2.04.2009

I realize that these pictures I keep posting of my daughter aren't very active photos. but hang in there with us, she's growing and growing and I just know one of these days I'll be looking back thru these and won't believe my eyes when she's crawling and walking and talking and reading.
Glenn Beck wrote this and I think it speaks volumes that we just need to take in every thing all the time and do the best we can so we don't miss a thing as we love on our kiddos.

Sometimes we lose perspective. Sometimes we can be looking at the wrong things, just like I think grandma was looking at yesterday. Gee. You know, I've had -- the last 12 months as a dad has been difficult for me, the last really 18 months, been really difficult as a dad. And someday I... someday. Oh, yeah, kids, I'm writing a book. Someday I'll share some of the stuff with you that I've learned, but I tell you it's -- the biggest, the hardest part about being a dad I think, and maybe I'm the only one, the hardest thing about being a dad is every time I walk away from my kids -- because I have other things to do. I mean, you know, I'm still in the house or whatever, but I can be down flat on my belly playing with the trains, I can be with my youngest daughter playing with her dollhouse and, "Oh, look, the baby is... oh, look, she's now in the kitchen." (Laughing). I can play this for hours. We can all be sitting around playing Candyland or Skip-Bo or whatever it is we're playing or I could just be sitting last night like I was in between my eldest daughter and my wife watching The Office. But at some point whether it's just time to go to bed because it's 11:00 and I've got to get up early, or I have to go to work or I just have to go into the other room and finish something that I'm working on there, every time I get up, I think to myself, "What is more important? Where are you going?"
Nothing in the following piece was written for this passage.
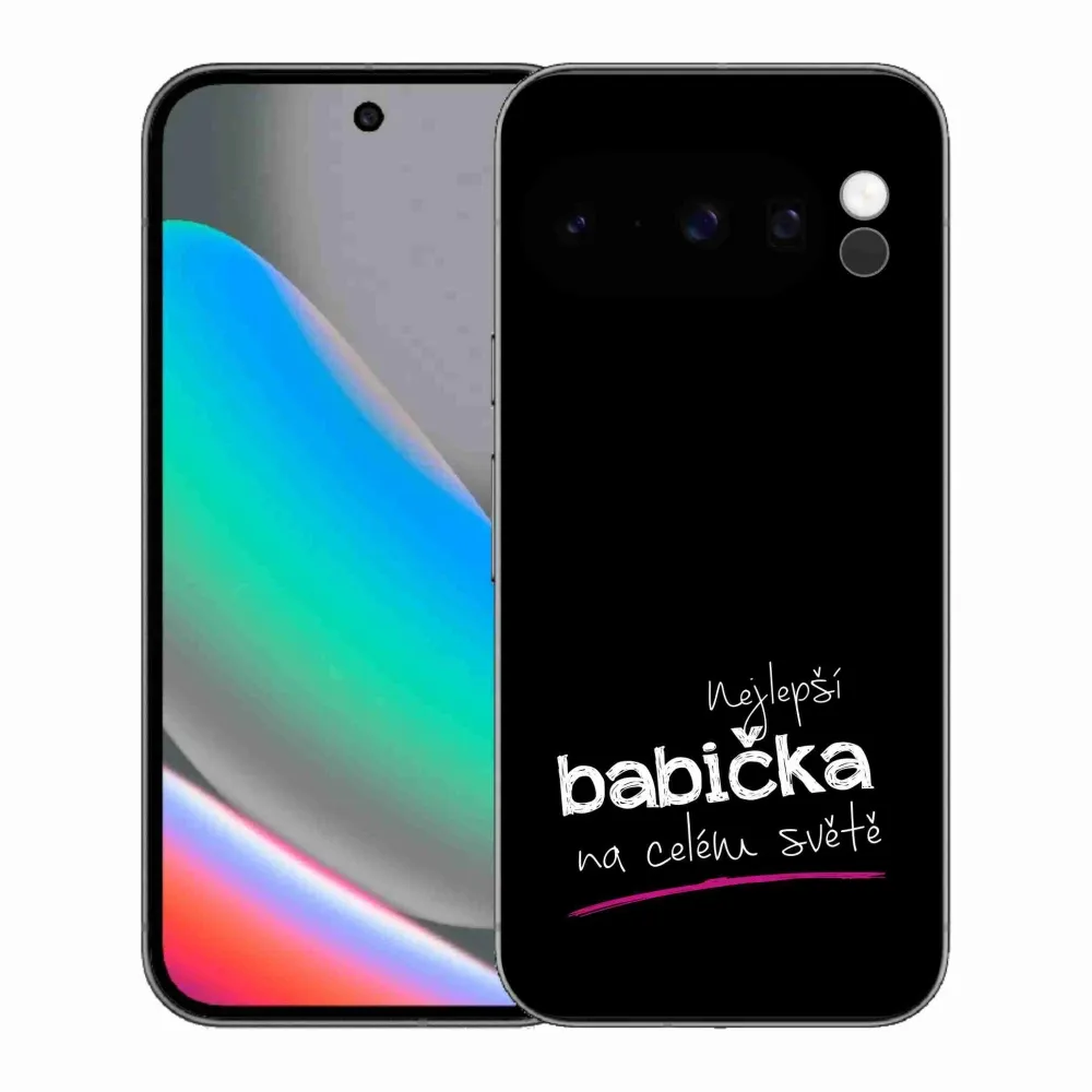 Rugalmas zselés tok mmCase a Google Pixel 10 Pro képével - legjobb nagymama 4 fekete háttérrel
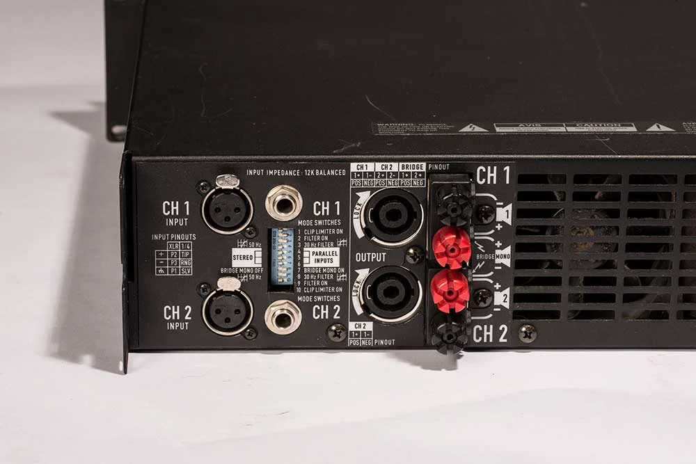 - Praxisgerechte und individuell konfigurierbare Features ergänzen die Ausstattung: ClipLimiter, Hochpaßfilter, sowie Betriebsarten Wahlschalter. Eingänge: XLR und Klinke. Ausgänge: SPEAKON- und Schraub-/ Klemm-Anschlüsse

Sometimes we're there, however, and we still miss what we're supposed to see. You don't necessarily have to be away from whatever it is to miss it. Sometimes we're there in the room and we don't say, "I love you." We don't say the words that need to be said because we just don't even think about it until it's time to think about it. But even though I've personally been struggling with being a dad, even though probably every other time I would have walked away and as I closed the door and said to my son like I did last night as he was sitting there in the warm glow of his fire truck nightlight and I say, "See you tomorrow, Raphe. How much do I love you?" And he whispers from his bed, "From here to the sun and back again." I usually close the door and think to myself, "Where are you going? Why didn't you spend two more minutes." But this week, it was on Tuesday, my wife said, "I went into Raphe's room and woke him up, got him dressed. He was putting on pants and they were just way too short. He's in another growth sport." She said, "I wanted to write you just to tell you that I said we have to get rid of these pants, Raphe, you're growing out of them. And he said, yep, I'm grown up; I'm going to be big. And when I'm big, I'm going to be a really good dad just like my daddy." While I missed that moment myself, had my lovely wife share it with me, truth is I've been in the room the whole time that he's been thinking that. Sometimes we don't see what we're supposed to see because we're busy just thinking other things, even though we're laying down, playing with the trains, reading a story or kneeling by his bedside as he tells you about, "In the big city the firemen have boats."